"C is no longer a programming language"

The author | Aria Beingessner

Translated | Hirakawa

The idea in the title of this article is very "exciting", it comes from Aria Beingessner, a Swift and Rust expert abroad, who recently wrote an article "C is no longer a programming language", which has caused a hot discussion in the technical community.

Beingessner and his friend Phantomderp found that they both shared a high degree of agreement on some aspect of the C language—getting angry at CABIs and trying to fix them. Although the reasons for their respective angers are different, what the authors of this article want to express is: "C has been elevated to a role of prestige and authority, and its domination is so absolute and eternal that it completely distorts the way we talk." "Rust and Swift can't simply 'speak' their native language or comfortable language — they have to weirdly mimic C's skin and wrap themselves in it so that the flesh undulates in the same way."

Although the parable is sharp, the basis is not unreasonable. Almost any program to do anything useful or interesting, it has to run on the operating system.
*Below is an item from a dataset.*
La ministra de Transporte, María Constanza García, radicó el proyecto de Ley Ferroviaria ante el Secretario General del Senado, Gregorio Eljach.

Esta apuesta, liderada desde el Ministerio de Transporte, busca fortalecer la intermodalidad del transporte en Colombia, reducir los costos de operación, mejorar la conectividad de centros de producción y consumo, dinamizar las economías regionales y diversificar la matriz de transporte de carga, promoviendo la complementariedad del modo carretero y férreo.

That means it has to interact with that operating system — and a lot of operating systems are written in C. Therefore, the language must interact with C code, which means it must call the C API. This is done through an external functional interface (FFI). In other words, even if you've never written any code in C, you'll have to handle C variables, match C data structures and layouts, and link to C functions by name and symbol. This applies not only to interactions with the operating system in any language, but also to calling another language from one language.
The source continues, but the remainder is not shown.